*** Opening INFORMATION ***

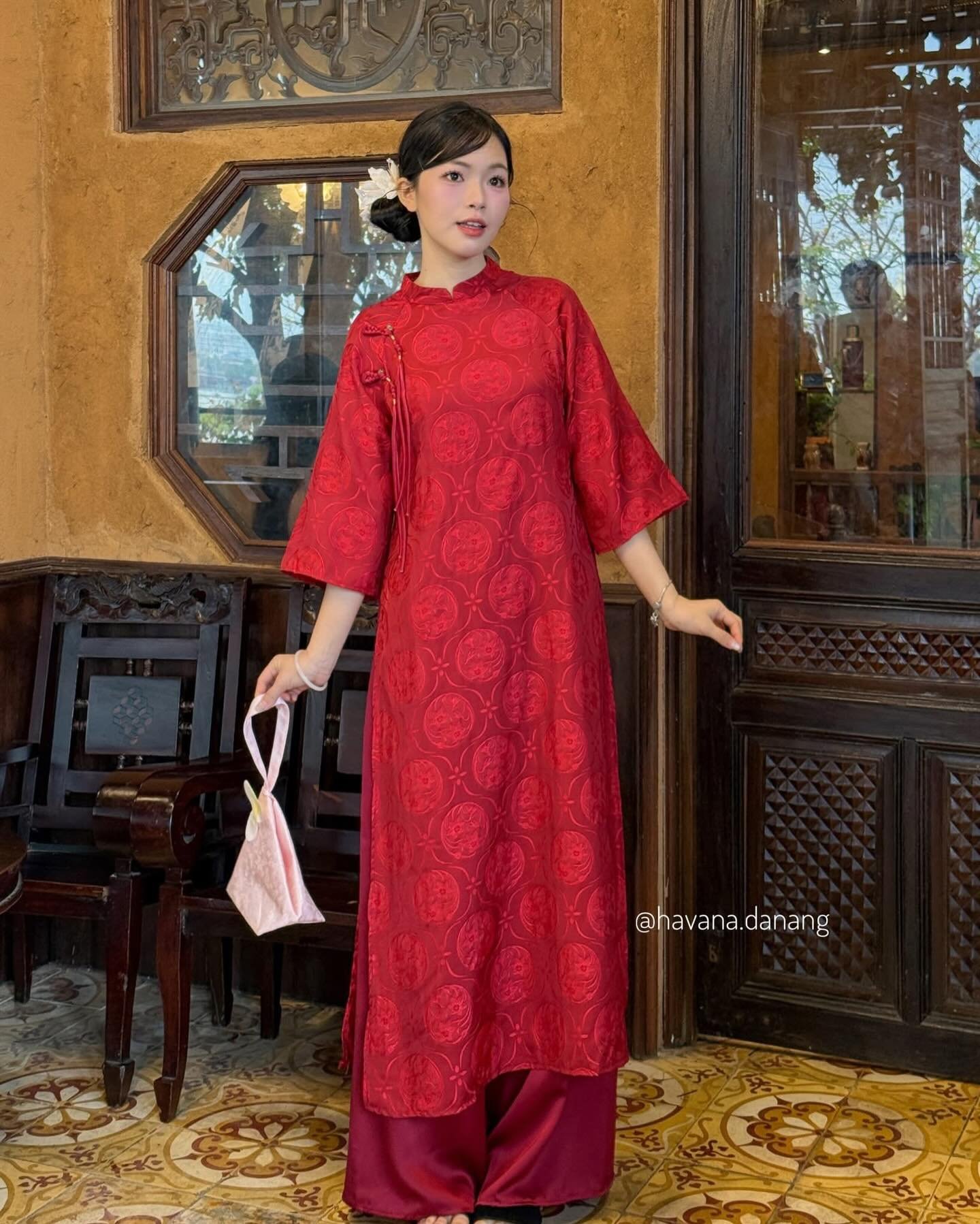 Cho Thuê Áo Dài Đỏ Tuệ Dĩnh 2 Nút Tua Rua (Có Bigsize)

*** Closing INFORMATION ***
*** Opening INFORMATION ***

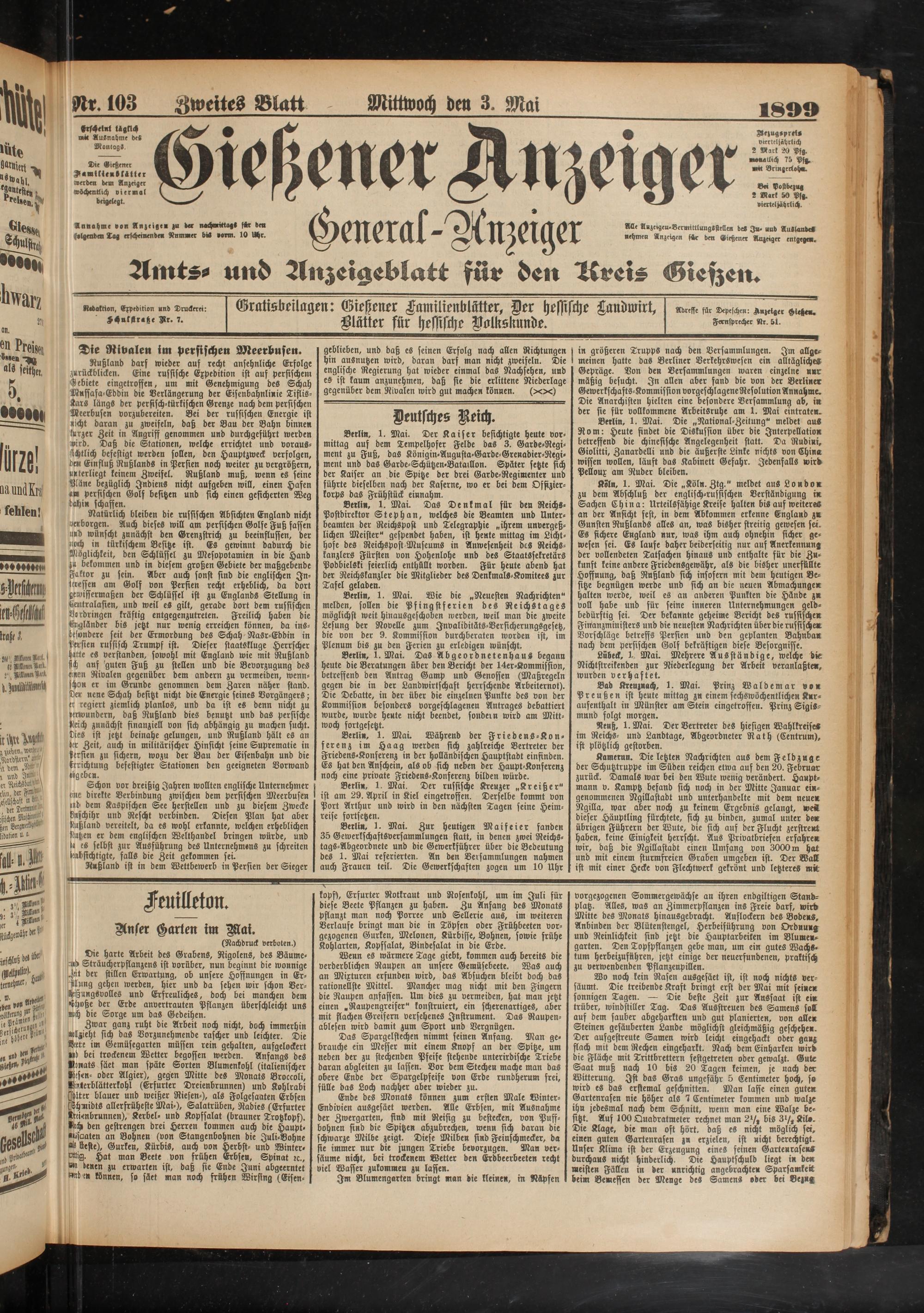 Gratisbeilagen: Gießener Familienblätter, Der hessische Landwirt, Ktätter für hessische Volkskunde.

*** Closing INFORMATION ***
*** Opening INFORMATION ***

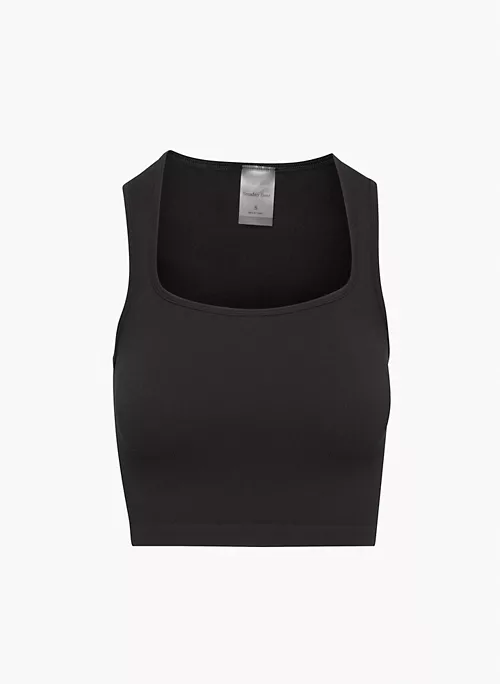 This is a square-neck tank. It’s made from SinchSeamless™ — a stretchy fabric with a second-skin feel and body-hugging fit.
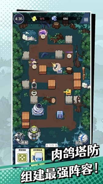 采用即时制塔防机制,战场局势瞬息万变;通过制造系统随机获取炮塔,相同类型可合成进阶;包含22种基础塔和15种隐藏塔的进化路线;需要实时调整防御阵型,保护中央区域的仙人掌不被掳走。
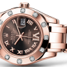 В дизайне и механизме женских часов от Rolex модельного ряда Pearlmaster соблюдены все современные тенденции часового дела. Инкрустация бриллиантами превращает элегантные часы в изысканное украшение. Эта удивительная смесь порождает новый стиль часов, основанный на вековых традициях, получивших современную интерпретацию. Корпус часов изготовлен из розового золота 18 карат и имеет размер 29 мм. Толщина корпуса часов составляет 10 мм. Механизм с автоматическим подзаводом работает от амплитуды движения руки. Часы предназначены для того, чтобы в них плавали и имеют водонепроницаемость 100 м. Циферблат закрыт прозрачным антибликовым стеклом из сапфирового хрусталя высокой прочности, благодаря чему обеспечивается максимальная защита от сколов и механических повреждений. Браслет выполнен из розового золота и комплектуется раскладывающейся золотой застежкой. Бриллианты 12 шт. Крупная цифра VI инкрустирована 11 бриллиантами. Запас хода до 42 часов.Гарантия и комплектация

*** Closing INFORMATION ***

**TASK DIRECTIONS**
Nothing outside the stretch above, from the line with "This is a square-neck" through the line with "В дизайне и", is set down. Transcribe that stretch exactly, ends included, but not its pictures.

**SOLVED PROBLEM**
 This is a square-neck tank. It’s made from SinchSeamless™ — a stretchy fabric with a second-skin feel and body-hugging fit.
 采用即时制塔防机制,战场局势瞬息万变;通过制造系统随机获取炮塔,相同类型可合成进阶;包含22种基础塔和15种隐藏塔的进化路线;需要实时调整防御阵型,保护中央区域的仙人掌不被掳走。
 В дизайне и механизме женских часов от Rolex модельного ряда Pearlmaster соблюдены все современные тенденции часового дела. Инкрустация бриллиантами превращает элегантные часы в изысканное украшение. Эта удивительная смесь порождает новый стиль часов, основанный на вековых традициях, получивших современную интерпретацию. Корпус часов изготовлен из розового золота 18 карат и имеет размер 29 мм. Толщина корпуса часов составляет 10 мм. Механизм с автоматическим подзаводом работает от амплитуды движения руки. Часы предназначены для того, чтобы в них плавали и имеют водонепроницаемость 100 м. Циферблат закрыт прозрачным антибликовым стеклом из сапфирового хрусталя высокой прочности, благодаря чему обеспечивается максимальная защита от сколов и механических повреждений. Браслет выполнен из розового золота и комплектуется раскладывающейся золотой застежкой. Бриллианты 12 шт. Крупная цифра VI инкрустирована 11 бриллиантами. Запас хода до 42 часов.Гарантия и комплектация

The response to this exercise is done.